For a moment, I thought that's what you mean, but I was not sure.

Look at the formats fpm supports, choose the smallest possible functionality these formats support and is sufficient for our modules/packages and implement it in Dao. We can mimic/get inspired by CPAN, PyPI, Cabal, npm, LuaRocks and many others.

Indeed, we can learn from their format to make a simple and adequate one if necessary.

But as I said - if we make it very similar to some of them or even absolutely the same (from the API point of view), we'll have a big advantage as the existing tools won't have to be accommodated (especially their logic inside) to yet-another-lang-specific-package-repository.

I don't know about those format, if there is one that is really simple and is well defined, we could indeed simply adopt it.

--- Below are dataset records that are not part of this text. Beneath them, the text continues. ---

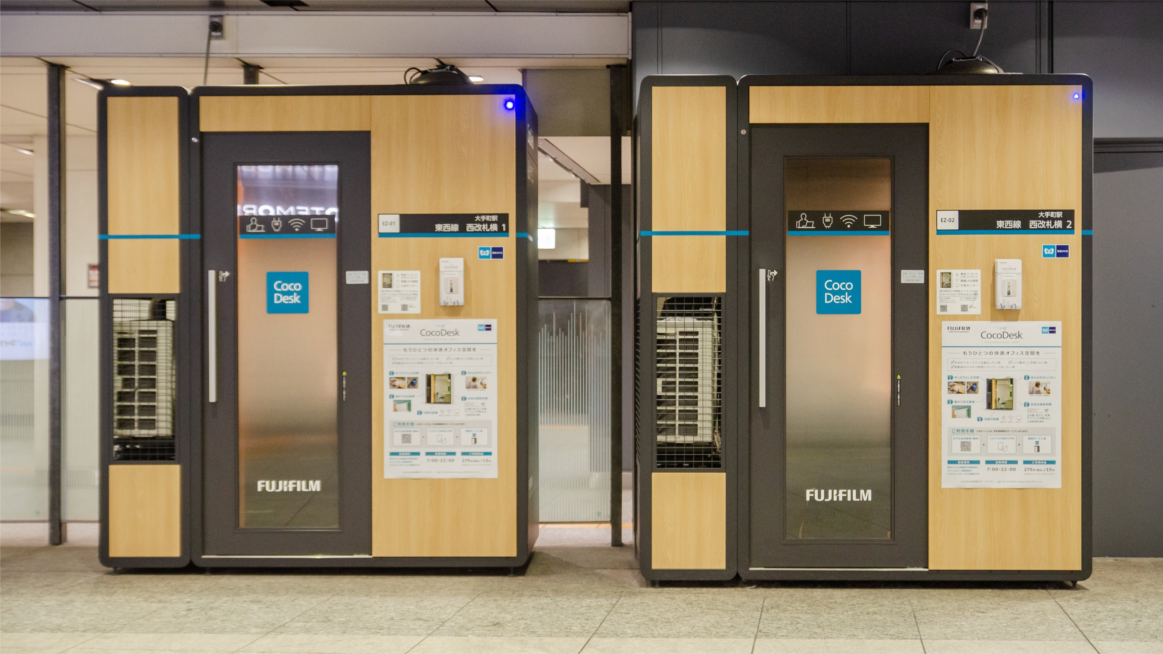 CocoDeskとは、富士フイルムビジネスイノベーションが提供している個室型ワークスペースで、ビジネスパーソンは外出先や移動中のスキマ時間を活用し、密閉・密集・密接を避けながら安全・快適にデスクワークやWeb会議などのテレワーク・リモートワークを行うことができます。現在、東京メトロの駅構内を中心に100台が設置されており、今後は全国各地の駅ナカ・ビルナカ・街ナカにも展開予定です。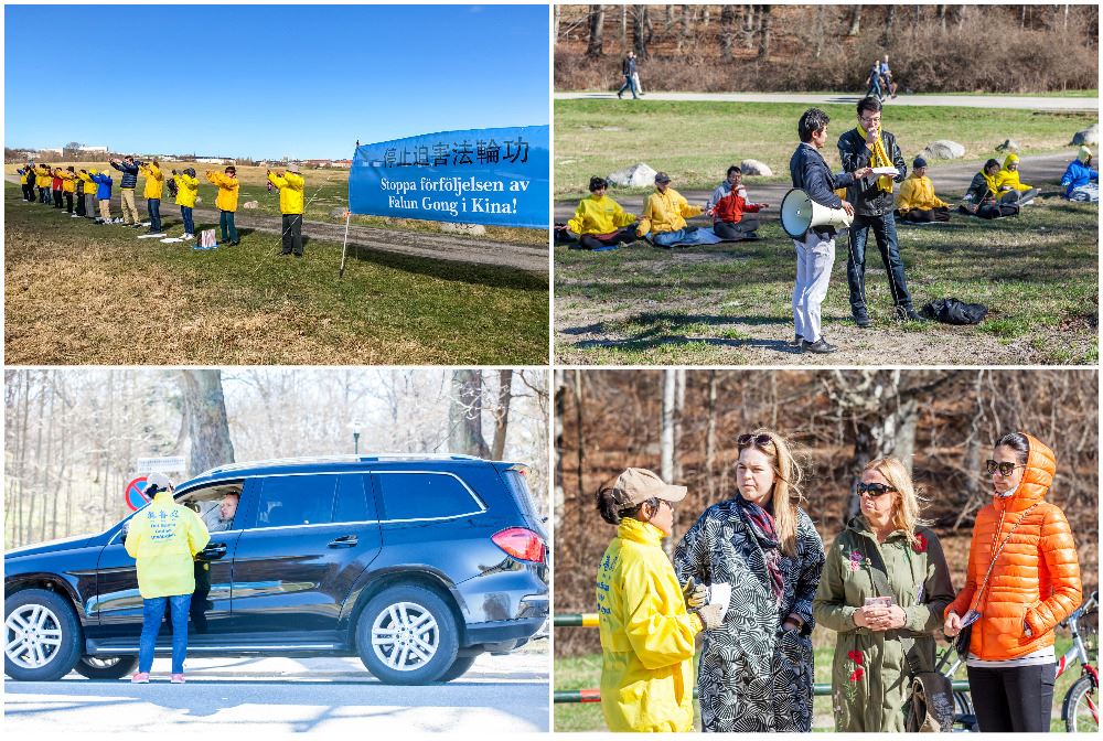 过往的车辆经过学员的活动场地时,大多都是放慢速度、缓缓驶过或鸣笛以表支持。有的遥下车窗索取真相资料,主动和学员交谈来了解真相,有很多了解了真相的瑞典人对法轮功学员十几年来这种和平的抗议行动表示敬佩和赞赏,有人不停地拍照或竖起大拇指称赞法轮功学员“做得好!”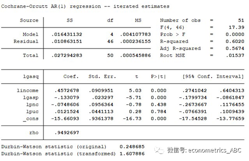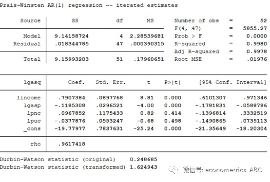 使用迭代式PW估计法进行FGLS估计(不加corc,即为默认PW估计法)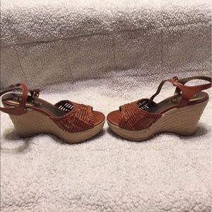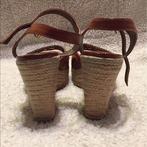 Barely worn brown wedges, very comfortable. Rope wedge and woven leather sandal, full straps.
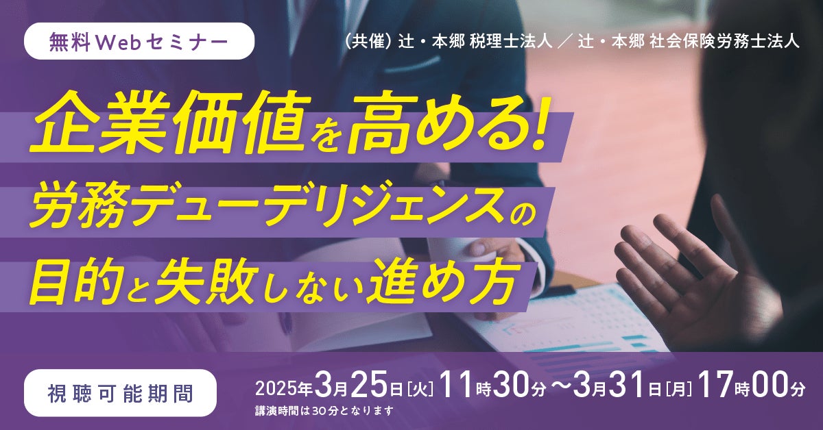 辻・本郷 税理士法人(本社:東京都新宿区、理事長:桑木小恵子)は、辻・本郷 社会保険労務士法人(本社:東京都新宿区、代表社員:髙橋紀行)の2社共催で、2025年3月25日(火)より「企業価値を高める!労務デューデリジェンスの目的と失敗しない進め方」セミナーを開催いたします。近年、財務面だけでなく労務面のリスクについても注目する企業は多く、M&AやIPOを検討する企業はもちろん、働きやすい職場環境づくりのために労務デューデリジェンスを実施する企業も増えています。本セミナーでは労務デューデリジェンスの基本から具体的な注意点まで社会保険労務士が解説します。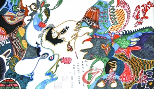 在一幅名为《喜悦》的作品里,阿刚画了一张似是而非的人脸。那是鼻子吗,怎么如此大而无当?那是眼睛吗,怎么一大一小一高一低?那是头发吗,怎么看起来像起伏的波涛?虽然看起来费解,但观众又分明感觉到一份笑意。阿刚在画作的题记中写了四句话:“生命之光,认知世界;丰收希望,感受喜悦。”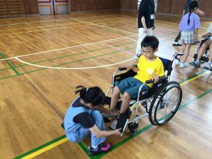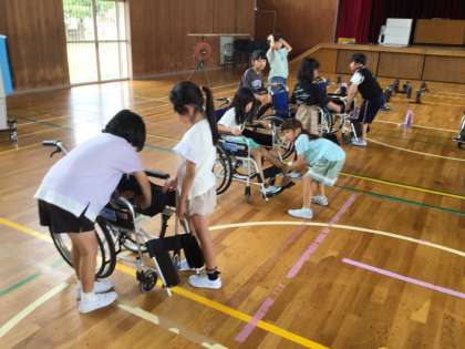 3年総合 車椅子体験 その2 公開日 2024/07/09 更新日 2024/07/09 各学年から 福祉を理解する実践教室として、「車椅子体験」を実施しました。 実際に車椅子に乗ったり介助者の体験をしたりすることで、普段とは違う視点で学ぶことができました。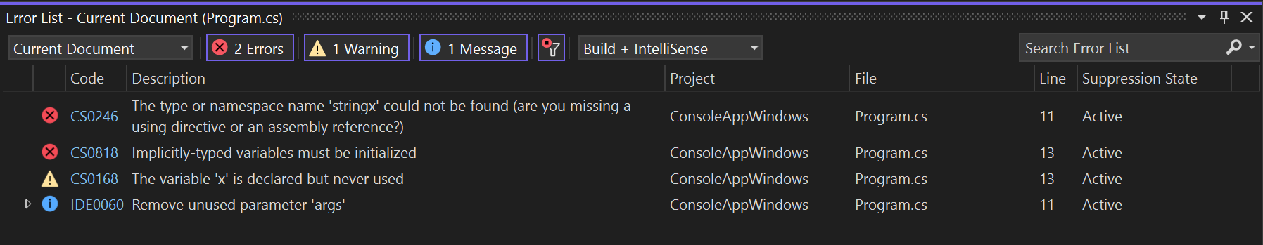 If an analyzer finds any analyzer rule violations, it reports them in the Error List window and in the code editor.
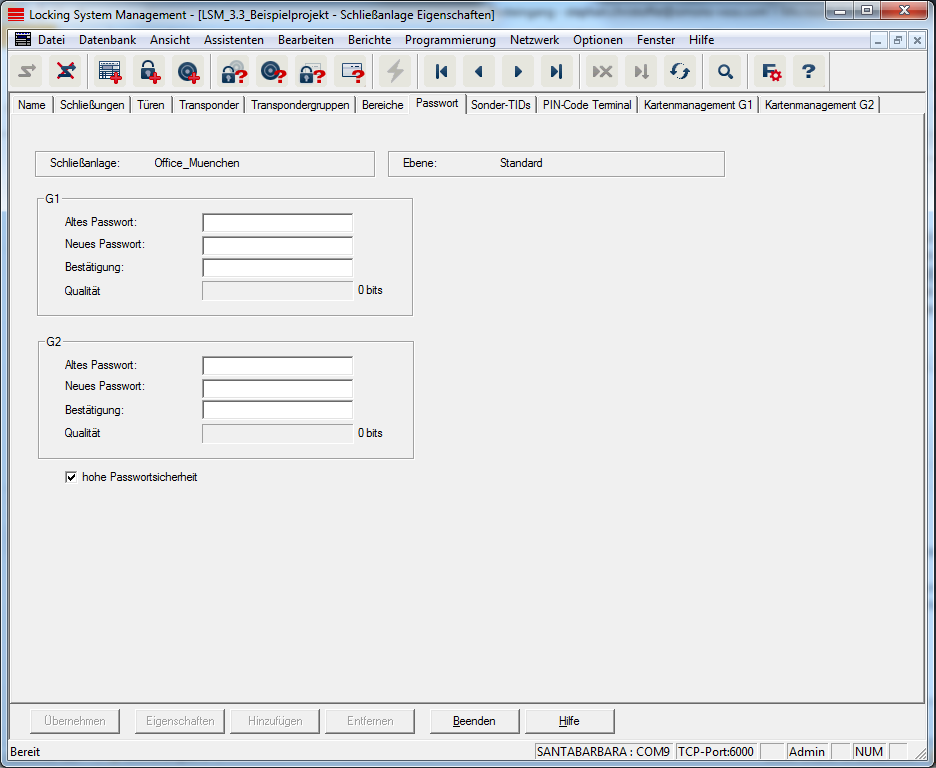 Hier können die Schließanlagenpasswörter, die zur Programmierung der Komponenten verwendet werden, geändert werden.

Or we can simply use Dao data structures (code) to store package information, a bit like JSON, then it only needs to be evaluated instead of parsing in order to extract the information:)

daokoder avatar Sep 12 '14 16:09 daokoder

Taking into account the current state of development of Dao and its modules, maintaining package snapshots is tedious. API changes and bug fixes will inevitably require frequent package updates, so it seems better at the moment to link right to the active sources of packages in repositories. That means that there should be package registry (a list, to put it simply) which would specify each package's name, description, dependency list and, finally, URL of its location.

It should be the easiest way to manage packages; the package tool would just be a wrapper on top of git/fossil, and a lot of essential functionality will then be available out-of-the-box.

Or we can simply use Dao data structures (code) to store package information, a bit like JSON, then it only needs to be evaluated instead of parsing in order to extract the information:)

Executing arbitrary code is probably not a good idea. Even without security issues, it's a rather questionable way to handle package description files.

Night-walker avatar Sep 12 '14 17:09 Night-walker

Well, I've right now tried to quickly come up with something feasible yet KISS and I've ended up with a similar (but still a simpler) system as npm. I.e.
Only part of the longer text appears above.